## EXERCISE PROMPT
From the data below, retype exactly the lines starting with the one that contains "When you scroll" and ending with the one that contains "我们将布料剪裁成一个圆形后然", both included.

## MATERIAL PROVIDED
────────

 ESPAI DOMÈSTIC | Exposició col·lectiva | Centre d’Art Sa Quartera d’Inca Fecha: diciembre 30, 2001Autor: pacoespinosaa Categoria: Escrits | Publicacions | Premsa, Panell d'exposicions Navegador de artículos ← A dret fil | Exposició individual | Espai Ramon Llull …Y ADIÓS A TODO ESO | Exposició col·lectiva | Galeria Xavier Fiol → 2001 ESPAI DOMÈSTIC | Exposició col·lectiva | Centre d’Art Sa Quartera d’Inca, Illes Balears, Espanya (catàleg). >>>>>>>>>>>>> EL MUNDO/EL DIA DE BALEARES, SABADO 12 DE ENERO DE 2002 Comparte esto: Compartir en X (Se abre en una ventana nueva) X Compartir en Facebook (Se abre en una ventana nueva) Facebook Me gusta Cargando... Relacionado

────────

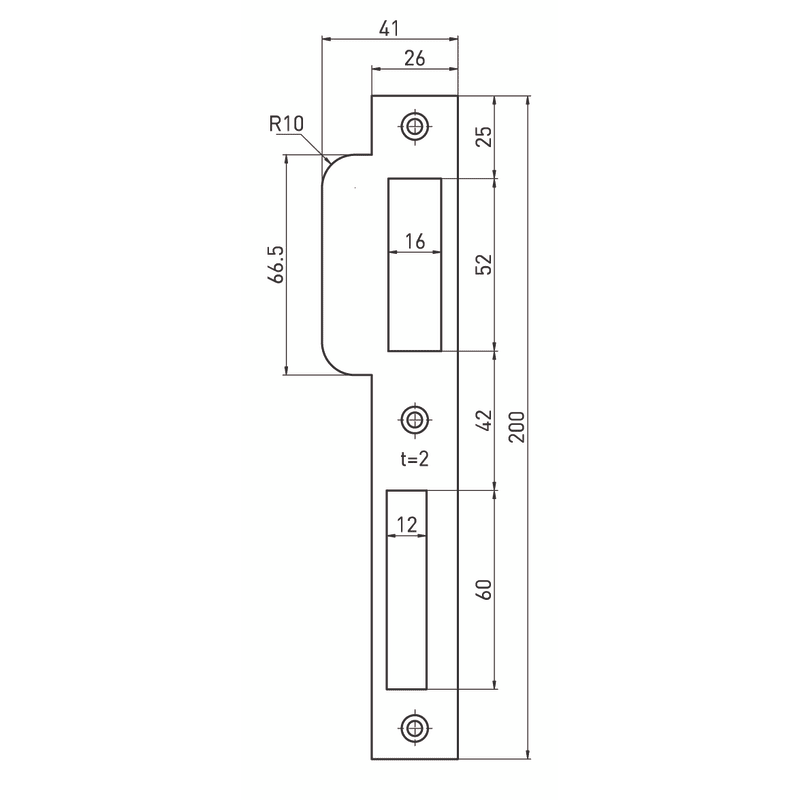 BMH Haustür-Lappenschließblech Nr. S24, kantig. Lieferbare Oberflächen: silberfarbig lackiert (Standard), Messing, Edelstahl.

────────

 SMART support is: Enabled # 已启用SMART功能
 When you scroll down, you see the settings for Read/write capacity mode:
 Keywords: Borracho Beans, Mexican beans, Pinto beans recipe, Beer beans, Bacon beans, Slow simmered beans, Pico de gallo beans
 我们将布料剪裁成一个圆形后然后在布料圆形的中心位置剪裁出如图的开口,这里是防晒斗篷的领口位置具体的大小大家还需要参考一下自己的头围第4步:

────────

## TASK SOLUTION
 When you scroll down, you see the settings for Read/write capacity mode:
 Keywords: Borracho Beans, Mexican beans, Pinto beans recipe, Beer beans, Bacon beans, Slow simmered beans, Pico de gallo beans
 我们将布料剪裁成一个圆形后然后在布料圆形的中心位置剪裁出如图的开口,这里是防晒斗篷的领口位置具体的大小大家还需要参考一下自己的头围第4步:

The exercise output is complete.